## THE RECORDS

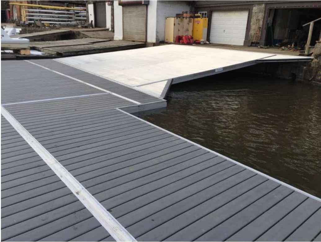
Completed PA Barge Club Dock and Gangway
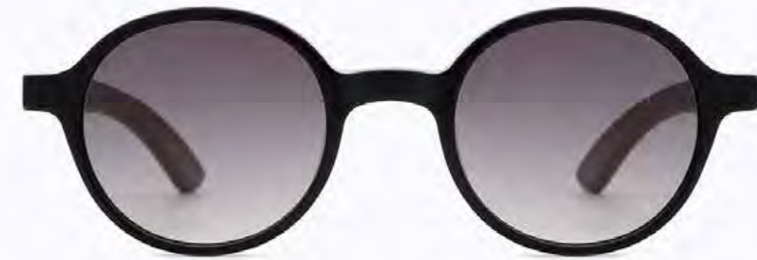
CL9167 SG WT 01

Frame Color: Shiny black Lens Color: Gradient smoke Frame Material: Hand made - Acetate Handle Length: 145 Lens Width: 46 Nose Bridge: 22
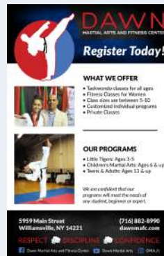
Dawn Martial Arts and Fitness Center
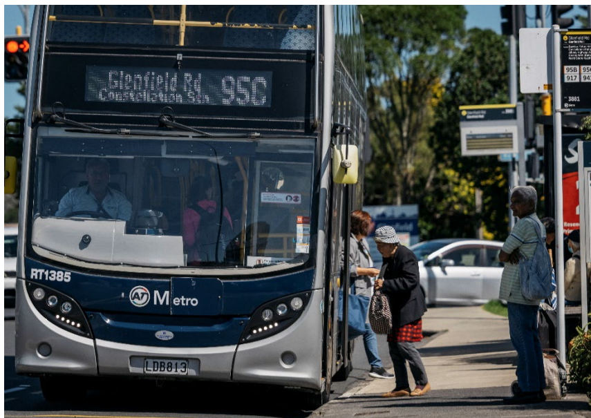
Double decker bus, Glenfield Town Centre
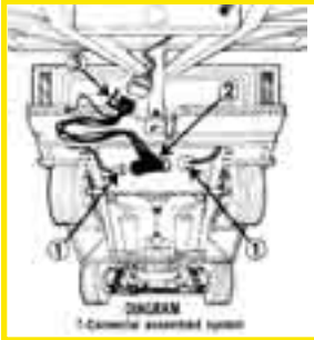
Diagram shows how the "T" connector works on trucks that have a plug-in taillight connection... usually located just behind the rear bumper.

For Connecting: • Camping Trailers • Boat Trailers • Horse or Stock Trailers or any trailer!
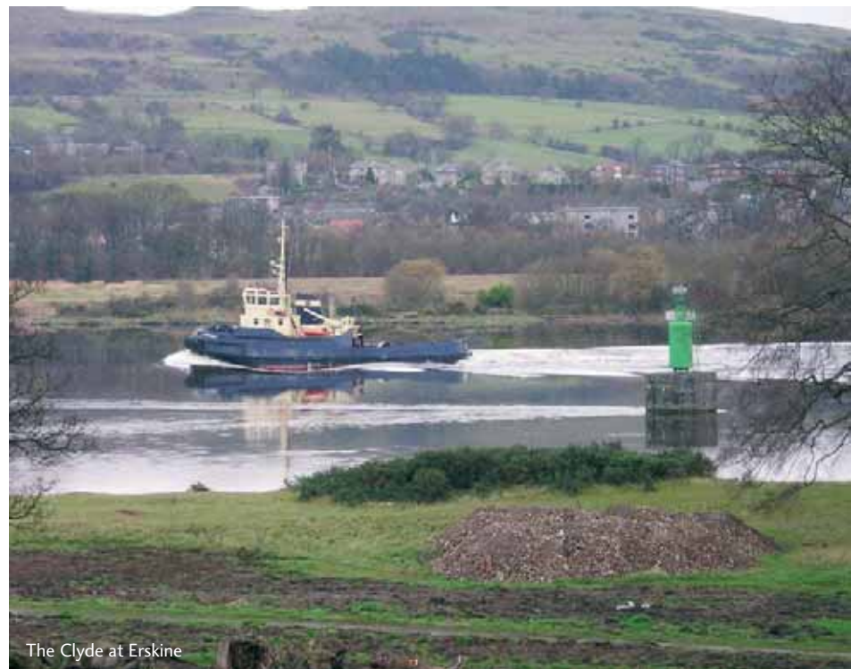
The Clyde at Erskine

6 You soon reach Ferry Road. Cross the road and go through the stone gateposts into the car park (signposted “Erskine Beach Park and Boden Boo Community Woodland”). Follow the obvious path leading out of the other side of the car park towards Erskine Beach.
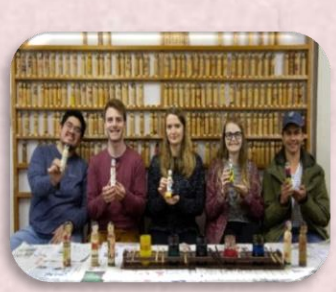
Kokeshi Painting Workshops
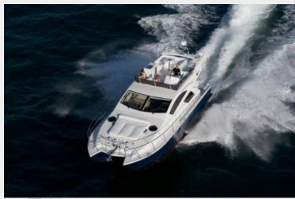
Running - Forward View
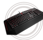
Lenovo Y Gaming Mechanical Switch Keyboard
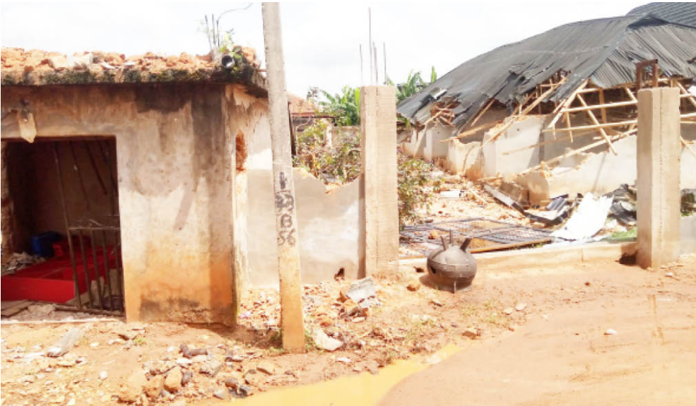
the burnt house of the suspect

Our reporter who visited the house of the suspected killer, located at Evbovoen (Love Power) Street, Opagha community, observed that it was completely razed by an irate youth after the incident.

## TASK ITEM
Take every line in the preceding listing that contains "house" and copy it.

## SOLUTION FOR THIS EXERCISE
the burnt house of the suspect
Our reporter who visited the house of the suspected killer, located at Evbovoen (Love Power) Street, Opagha community, observed that it was completely razed by an irate youth after the incident.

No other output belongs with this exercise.